TASK DIRECTIONS
Below are entries with pictures in them. Output exactly the lines starting at the line with "Толстовка с длинными" and ending at the line with "Kandies World Custom", both included, but not the pictures.

Stored items from a collection
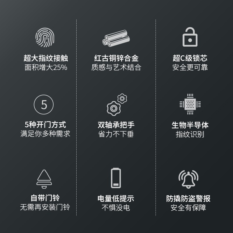 太陽雨智能鎖/紅古銅鋅合金/5種開鎖/防撬報警/鋼體鎖芯/ZW0004
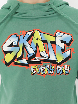 Толстовка с длинными рукавами, притачным поясом и манжетами. Манжеты выполнены из полотна с добавлением лайкры, пояс выполнен из основного полотна. Капюшон со шнурком и подкладкой, верхняя часть декорирована вязаной нашивкой. Перед декорирован принтом "Катайся каждый день".
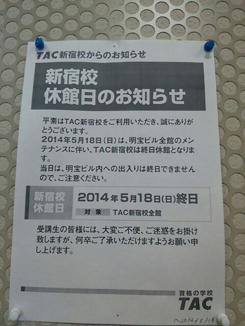 今期は日曜のクラスに通ってます。 好きな先生が日曜クラスを受け持ったので。 それに日曜のクラスに通うと、自習席確保に苦労することから開放されるから。 ホント日曜に自習席確保大変。。 そしたら今日は新宿校が閉鎖。 ありゃまー。 ターミナル駅にあるので各方面からみんな来るのにね。 私は今日で年金科目の講義が終わり。 来週のテストに向け、明日は1830には自習室行かなきゃ。 平成26年社会保険労務士試験まで、あと96日
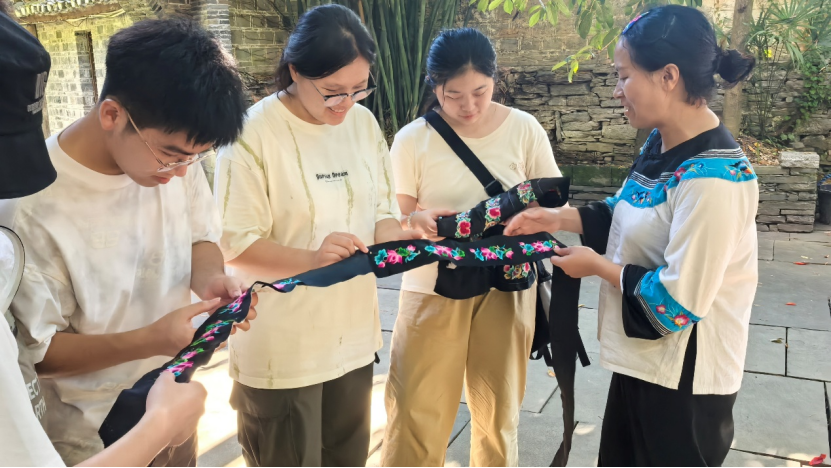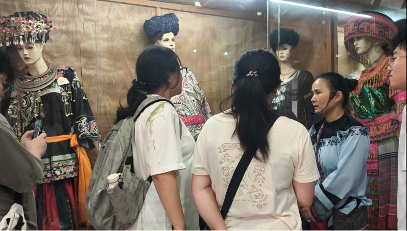 博物馆溯源:触摸苗绣银饰中的文明印记。7月3日,在山江苗族博物馆,队员们通过馆藏实物与传承人专访,系统梳理苗绣纹样的文化密码:蝴蝶纹关联创世传说,江河纹镌刻迁徙记忆,银饰中的图腾符号承载着族群历史。非遗传承人吴利军“纹样是穿在身上的史书”的论断,深刻揭示了“口传心授”传承模式与现代教育体系的衔接困境,为非遗活化提供重要参考。
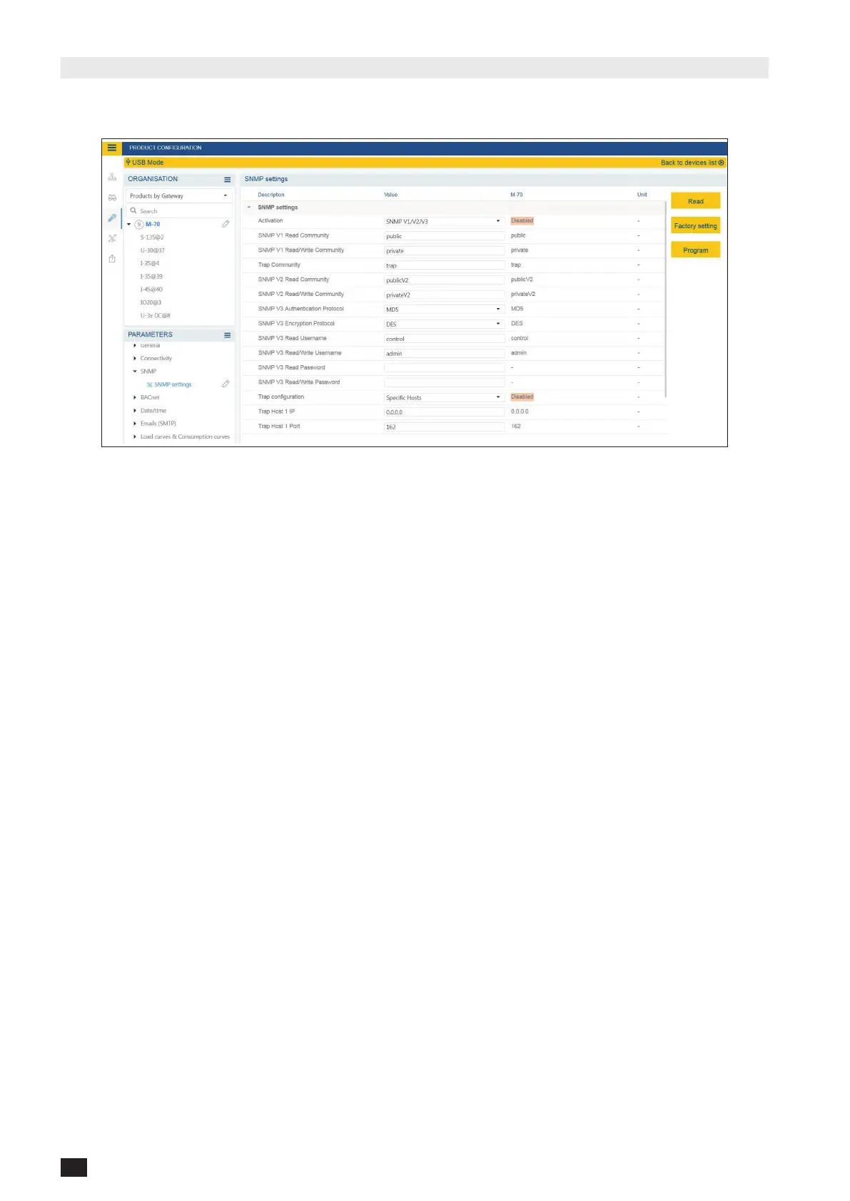 After logging in to EasyCong System on the DIRIS Digiware M-50 / M-70, you can nd the SNMP settings in the
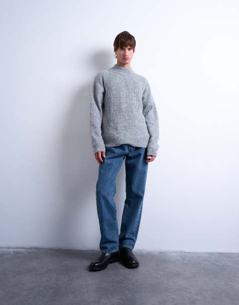 Topman - Mellemblå og forvaskede samt stive jeans med svaj
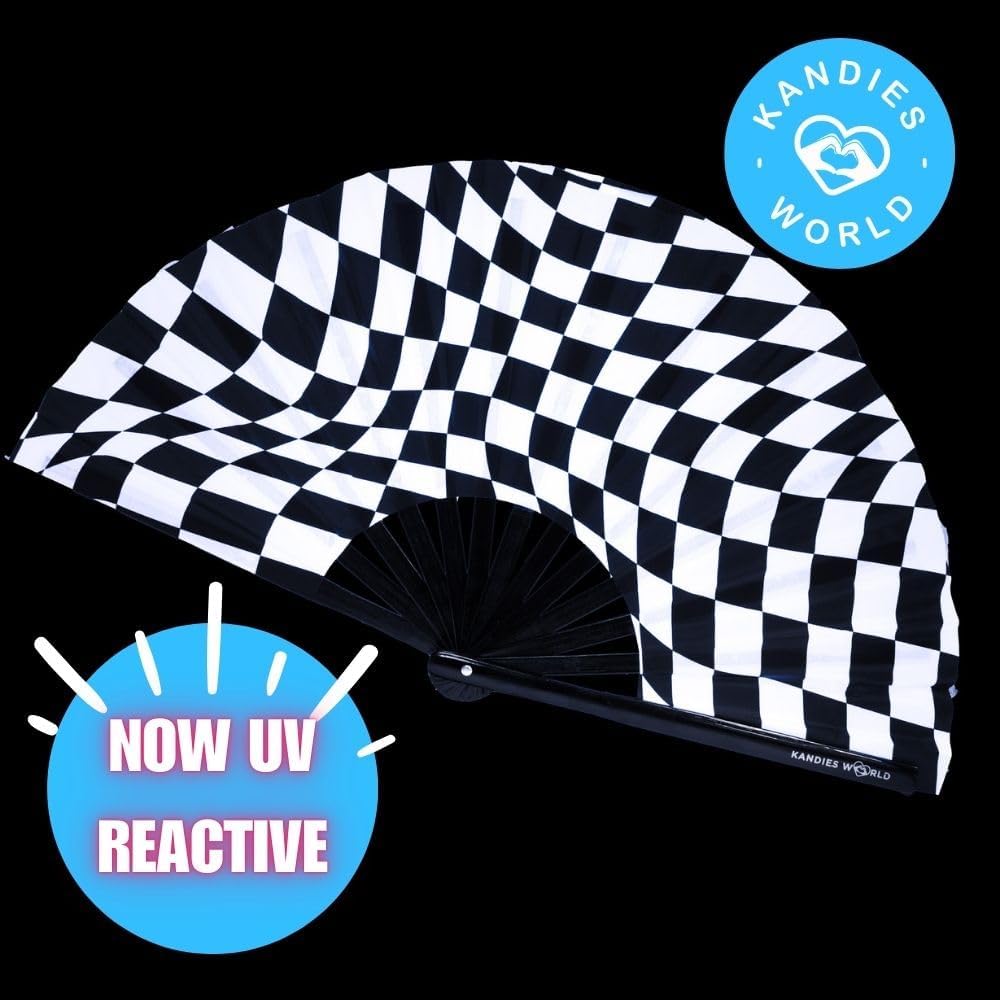 Kandies World Custom Festival Folding Hand Fan - Unique Designs, Made of Bamboo, Clacking Sound, Lightweight - Perfect Rave and Festival Accessory!
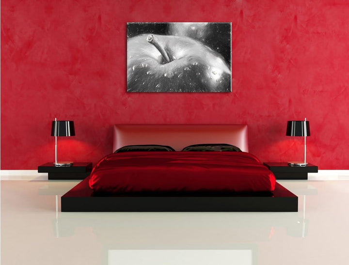 roter Apfel Kohle Effekt, Format: 100x70 auf Leinwand, XXL riesige Bilder fertig gerahmt mit Keilrah
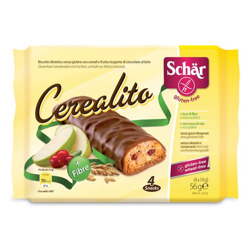 Vedi descrizione completaCerealito Schär Biscotto senza glutine con cereali e frutta ricoperto di cioccolato al latte.
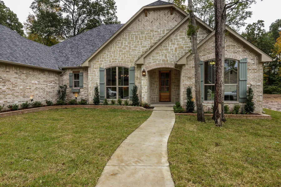 "European Charm" built by Glenn A Smith. Spec home with so many features that resemble a custom home. Great location, minutes from shopping, banking and restaurants. 4 bedrooms, or it could be 3 bedrooms with a game room, office or media room located off the family room. 2.5 baths and a 2 car garage with extra driveway for parking. Separate dining room, Family room with wood beams, posts, accents and stone fireplace. Open concept, kitchen with granite, marble and brick backsplash, stainless appliances, copper farm sink, and large granite island. Distressed wood flooring, carpet in bedrooms, tile in baths. Designed tile in showers. "Family Hub" in mudroom with built in desk and half bath. Master closet opens to Laundry room, so convenient. Love the lighting in all areas! Covered back porch, wooded and private. Landscape lighting in front yard just makes the home stand out! And you will love the window box! Foam Insulation, Tankless HWH. This can be your next Happy Place!
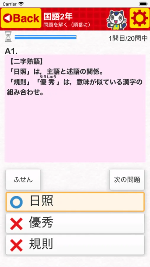 正解を3択で選ぶ形式だから,テンポよく効率的に学習ができます。1日の勉強のおさらいにもぴったり!
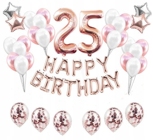 Zestaw balonów dekoracyjnych na 25 urodziny. Rewelacyjnie sprawdzi się również jako element dekoracji.

TASK SOLUTION
 Толстовка с длинными рукавами, притачным поясом и манжетами. Манжеты выполнены из полотна с добавлением лайкры, пояс выполнен из основного полотна. Капюшон со шнурком и подкладкой, верхняя часть декорирована вязаной нашивкой. Перед декорирован принтом "Катайся каждый день".
 今期は日曜のクラスに通ってます。 好きな先生が日曜クラスを受け持ったので。 それに日曜のクラスに通うと、自習席確保に苦労することから開放されるから。 ホント日曜に自習席確保大変。。 そしたら今日は新宿校が閉鎖。 ありゃまー。 ターミナル駅にあるので各方面からみんな来るのにね。 私は今日で年金科目の講義が終わり。 来週のテストに向け、明日は1830には自習室行かなきゃ。 平成26年社会保険労務士試験まで、あと96日
 博物馆溯源:触摸苗绣银饰中的文明印记。7月3日,在山江苗族博物馆,队员们通过馆藏实物与传承人专访,系统梳理苗绣纹样的文化密码:蝴蝶纹关联创世传说,江河纹镌刻迁徙记忆,银饰中的图腾符号承载着族群历史。非遗传承人吴利军“纹样是穿在身上的史书”的论断,深刻揭示了“口传心授”传承模式与现代教育体系的衔接困境,为非遗活化提供重要参考。
 After logging in to EasyCong System on the DIRIS Digiware M-50 / M-70, you can nd the SNMP settings in the
 Topman - Mellemblå og forvaskede samt stive jeans med svaj
 Kandies World Custom Festival Folding Hand Fan - Unique Designs, Made of Bamboo, Clacking Sound, Lightweight - Perfect Rave and Festival Accessory!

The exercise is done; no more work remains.